The Muslims feel that not enough has been done on the Sachchar Committee Report. Conversely there are also feelings amongst certain sections that minorities only mean one particular minority, as far as positive ameliorative action by Government is concerned. Institutions such as the National Commission for Minorities and the National Human Rights Commission need to be strengthened. It is also the duty of the State and Civil Society to see that the sense of victimhood creeping into the consciousness of the certain minorities is reversed. At the same time the question of minorities becoming majorities in states (Muslims in J&K and Sikhs in Punjab) has also to be considered. The glaring incident of Pandits fleeing from the Kashmir Valley, should make us sit up.

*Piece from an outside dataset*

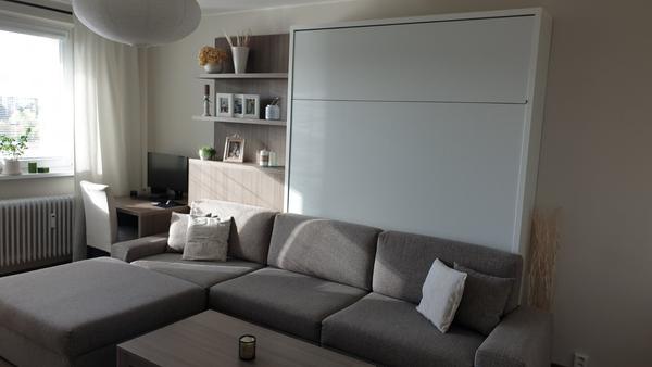 @baculka77 švagriná býva v dvojizbáku, jedna izba je detská, obývačka slúži aj ako spálňa. Nie je nadštandardne veľká, ale gauč je samostatný a posteľ majú vyklápaciu s normálnym kvalitným matracom, žiadne spanie na sedačke a boľavý chrbát. Ráno sklopí, vyzerá to ako zatvorená skriňa, večer vyklopí, robota na 15sekúnd. Za mňa ideálne riešenie v malom byte.

With a rich legacy of composite culture and history of meaningful coexistence between various religious groups, the question today is how secular is the State? Does the state ensure the ideals of equality and justice to all, as enshrined in our Constitution? What is the way forward to make the state more accountable and make the minorities more secure? What are the strategies or policies and gaps thereof to ensure opportunities and development of minorities? It becomes imperative to map their struggle for citizenship varying from community to community.

The real problem impact lies with the system of implementation of policies within the Indian democratic system be it at the central level or at state, policies plans and strategies are drafted, and bills are passed but their effective implementation never insured at any level ion the democratic hierarchy. Not only with the rights of minorities, the issue i.e. the ineffectiveness in the implementation of strategies plagues each and every aspect/elements of the modern Indian society.

Many times the government at the central and state level are in conflict with each other regarding various policies and their implementation, for e.g. the OBC quota. Certain castes are recognized as OBC at state levels but not at central level and vice-versa, it leads to an utter chaos. Many a times candidates belonging to such caste and communities which are a point of conflict suffer at the hands of flawed policies when they apply in governmental avenues such as jobs.

To the flipside of the whole issue is the non-existence of the status of Minorities. The governments are fighting for the status of minorities with each other regardless of the fact that under Article 30 of the Indian Constitution the word Minorities remains undefined. It remains just the Article 14 which states that every citizen of India is equal before law. It is estimated that there are about 1500 languages in India. Article 334-335 declared that the official languages of India for communication with centre will be Hindi and English. There are 22 official languages identified by constitution. India does not have a national language. Article 345 states that “the Legislature of a state may by law adopt any one or more of the languages in use in the State or Hindi as the language or languages to be used for all or any of the official purposes of that State: Provided that, until the Legislature of the State otherwise provides by law, the English language shall continue to be used for those official purposes within the State for which it was being used immediately before the commencement of this Constitution”. Still many state governments like that of Tamil Nadu and Maharashtra, are at loggerheads with the central government over abolishing Hindi and declaring their local language as the official language in their states. To end it all, it must be said that it is both the constitution and the state which must consider and act in accordance and sync. That minorities are an integral part of India, we all know. But still it remains undefined. So, it is the constitution that must act first, to ensure the consolidation of the stand for minorities.